SALVO [as the footman takes his coat]: Yes, yes… but there’s always a way, I assure you… [the footman goes out through the main entrance, downstage right.] There’s always a way of giving people a good opinion of us which at the same time increases their own self-esteem.
PALMA [promptly, as she slips off her gloves]: And makes them insufferably conceited!
SALVO: No, my dear, quite the reverse: which turns out to be to our advantage too.
PALMA: But I notice so many things nowadays!
SALVO: You don’t notice anything. Pay attention to this: Flavio talks to you. You know it’s just words, which he says simply for the sake of talking…
PALMA: Yes, words without any meaning to them!
SALVO: Quite so. But by the way you listen to them, you can show him they have…
PALMA: How? If they just haven’t?
SALVO: It’s easy! You give them a meaning, yourself; you put a meaning into them – whatever meaning best suits you. But you pretend he’s put a meaning into them. He’ll be delighted to find his own words actually make sense. In that way you can gradually make him into exactly what you want him to be; and he’ll be under the impression that that’s what he wants to be. Do I make myself clear?
PALMA: It doesn’t sound easy!
SALVO: I know. I’m not saying it’s easy. But you can take it from me, it’s the way one has to run one’s life.

“Right You Are! (If you Think So)” – “Cosí è (se vi pare)” – Act II, Luigi Pirandello. Penguin Books. 1962.

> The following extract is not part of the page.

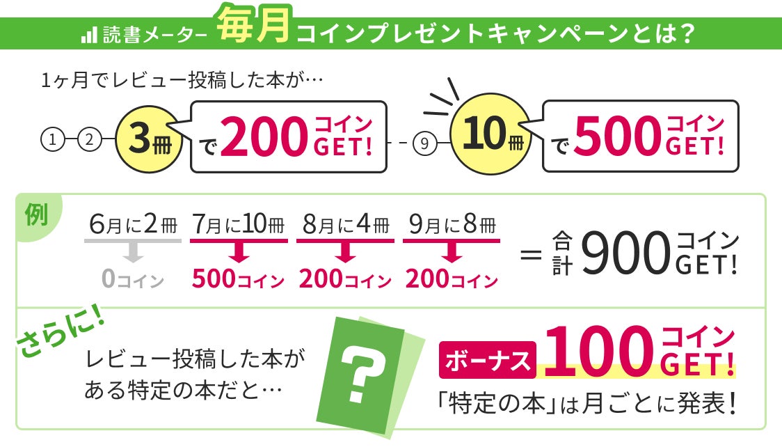 2024年6月~9月で毎月実施。1カ月で3件以上の感想・レビューの投稿で200コイン、10件以上で500コインをプレゼントします。

LAUDISI [wanders round the study for a little while, grinning to himself and shaking his head. Then he stops in front of the large mirror which rests on the mantelpiece, looks at his own reflection and starts talking to it.]: Ah, there you are! [He gives his reflection a mock salute with a couple of fingers, winks one eye cunningly, and grins at it.]: Well, my dear fellow! Now which of us two is mad? [He raises his hand, pointing the forefinger at its reflection, which, in turn, points its forefinger at him. He grins again, then] Ah yes, I know! I say you and you point at me! Dear me! Dear me! Between you and me and the gatepost we know one another pretty well, you and I! But what an awful fix you’re in, old chap! Other people don’t see you the way I see you! So what do you become? I can say that, as far as I’m concerned, standing in front of you as I am now, I’m able to see myself and touch myself. But as for you, when it’s a question of how other people see you, what happens to you? You become a phantom, my dear fellow, a creature of fantasy! And yet, do you see what these lunatics are up to? Without taking the slightest notice of their own phantom, the phantom that is implicit within them, they go haring about, frantic with curiosity, chasing after other people’s phantoms! And they believe they’re doing something quite quite different.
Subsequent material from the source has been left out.